Meskipun orang-orang sudah mengetahui akan kandungan protein yang tinggi dalam biji
kapas harus dapat memerhatikan karena gossypol mempunyai dampak negative yg terkandung dalam
biji kapas itu sendiri sehingga dapat meracuni jantung, hati dan zat yang mematikan pada organ lain,
karena itu selain binatang yang memiliki banyak lambung seperti sapi ini, binatang lain dan manusia
tidak dapat mengonsumsi biji kapas. Jika seekor ayam hanya makan biji kapas, maka tidak sampai
satu minggu ayam ini akan segera mati. Kini, melalui teknologi interferensi RNA, para ilmuwan
berhasil menghambat dan memutuskan gen gossypol yang tumbuh dalam bibit kapas, dan secara
efektif mengekang kandungan racun gossypol. Rathore menandaskan, selain Amerika Serikat,
Australia, daerah penghasil kapas sedunia terutama berpusat di negara-negara berkembang yang agak
terbelakang, dan negara-negara ini juga merupakan daerah yang kekuranga makanan atau kurang gizi.
Danny Liewellyn dari CSIRO juga menuturkan, begitu biji kapas dinyatakan dapat dikonsumsi, maka
dipastikan dapat mendatangkan manfaat tambahan yang cukup besar bagi negara seperti China dan
India serta negara-negara penghasil utama kapas lainnya. (Sumber : Dajiyuan)

6.. Bakteri (gen) bisa sebagai alternatif penerangan dibumi, tanpa Listrik (2010)

Dalam situs resmi Bioglow, produk revolusioner ini dilatarbelakangi hasil pemikiran Dr
Alexander Krichevsky. Awalnya, tulisan ilmiah Krichevsky dipublikasikan pada 2010
dalam PLoS One, sebuah jurnal sains internasional peer-reviewed.
Krichevsky merupakan seorang spesialis di bidang mikrobiologi. Dia mengembangkan
tanaman yang mampu menyala dalam gelap dengan "mengenalkan" DNA dari bakteri laut
bercahaya ke genom kloroplas dari tanaman rumah. Hasilnya, batang dan daun secara terus-
menerus memancarkan cahaya samar, mirip kunang-kunang.

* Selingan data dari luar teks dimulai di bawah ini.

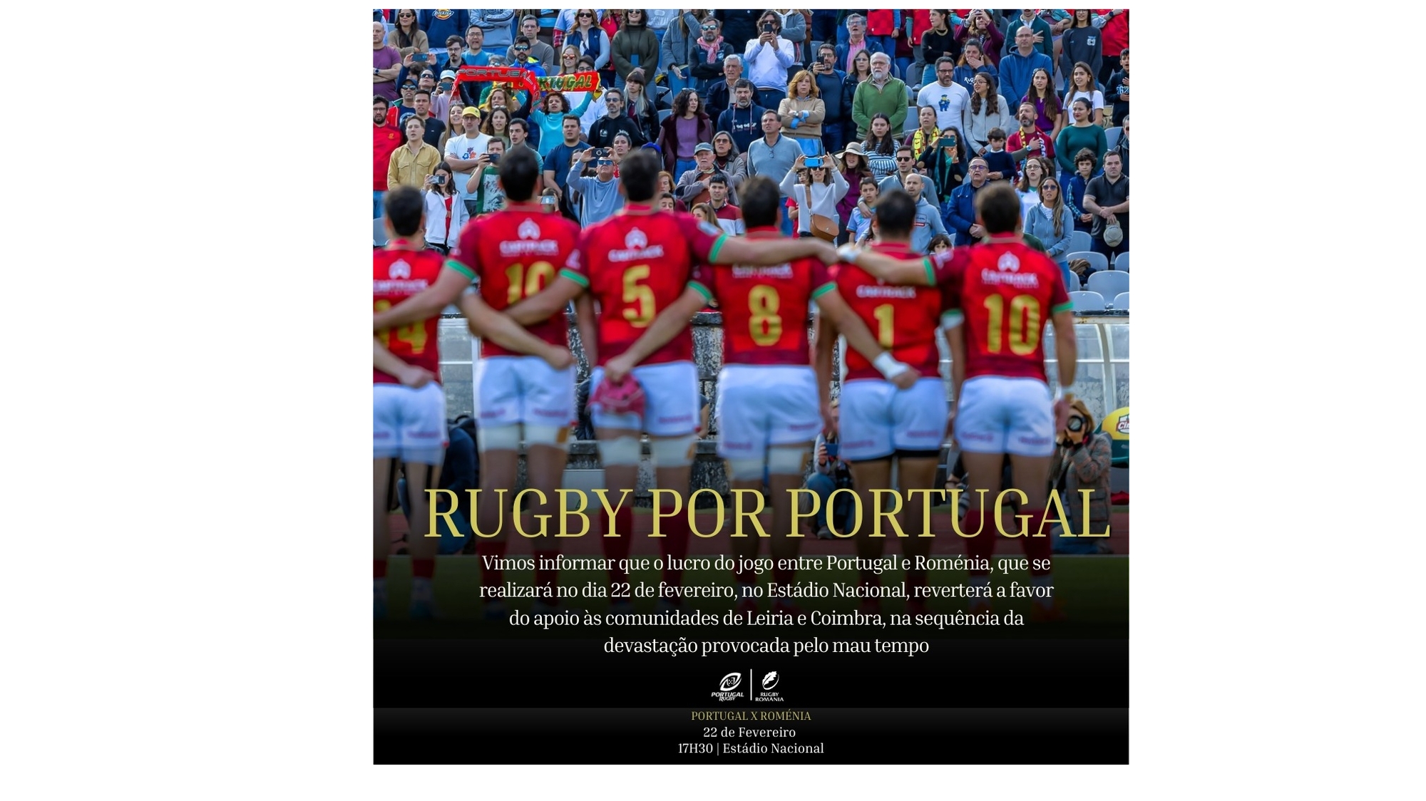 Mas, desta vez, há algo maior do que o próprio jogo. O rugby tem sentido sempre o carinho dos portugueses e chegou o momento de retribuir. A Federação Portuguesa de Rugby informa que a receita da bilheteira deste encontro será revertido para apoiar as comunidades de Leiria e Coimbra, severamente afetadas pelas tempestades que atingiram o país.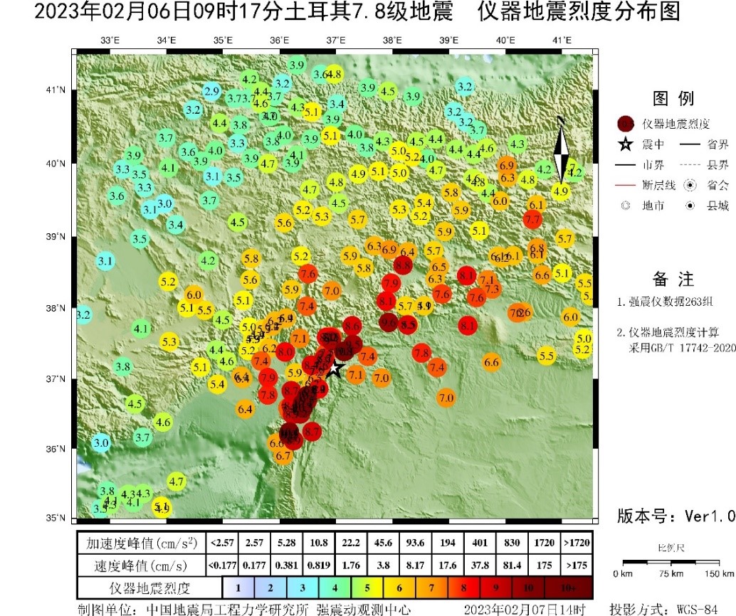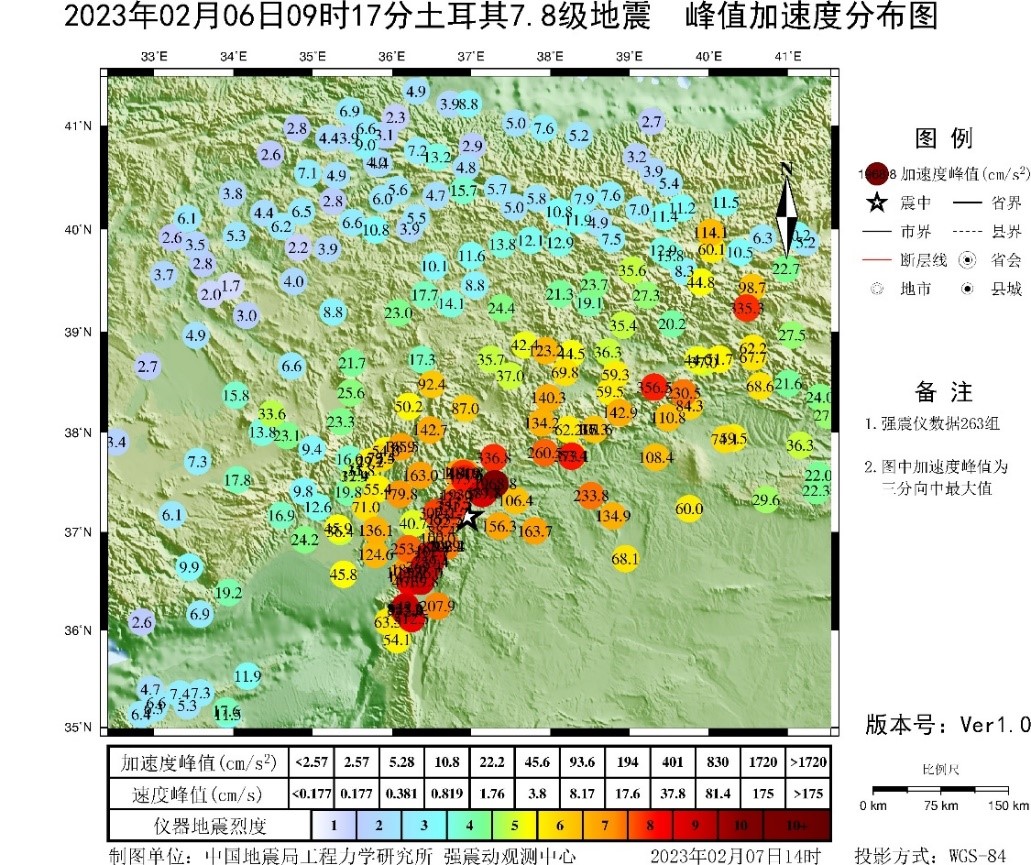 應急產出:土耳其7.8級地震強震動觀測簡報(第1報)

Seperti dikutip dalam Dezeen, kini Krichevsky tengah bekerja keras meningkatkan terang
cahaya yang dipancarkan oleh tanamannya. Pasalnya, kini cahaya tersebut hanya bisa dilihat
dalam ruang gelap. Dalam jangka panjang, Krichevsky juga ingin merevolusi desain
pencahayaan dan menarik konsumen baru dalam pasar tanaman. Krichevsky juga tidak menutup
kemungkinan bahwa ciptaannya mampu meramaikan industri lanskap, arsitektur, bahkan
transportasi.
"Tidak ada pasar saingan, (tanaman) ini benar-benar yang pertama. Dalan jangka
panjang, kami melihat penggunaan tanaman berpendar dalam desain pencahayaan kontemporer,
dalam lanskap dan arsitektur, juga transportasi. Memberi tanda bagi jalan raya dan jalan tol
dengan cahaya alami yang tidak perlu listrik," ujarnya.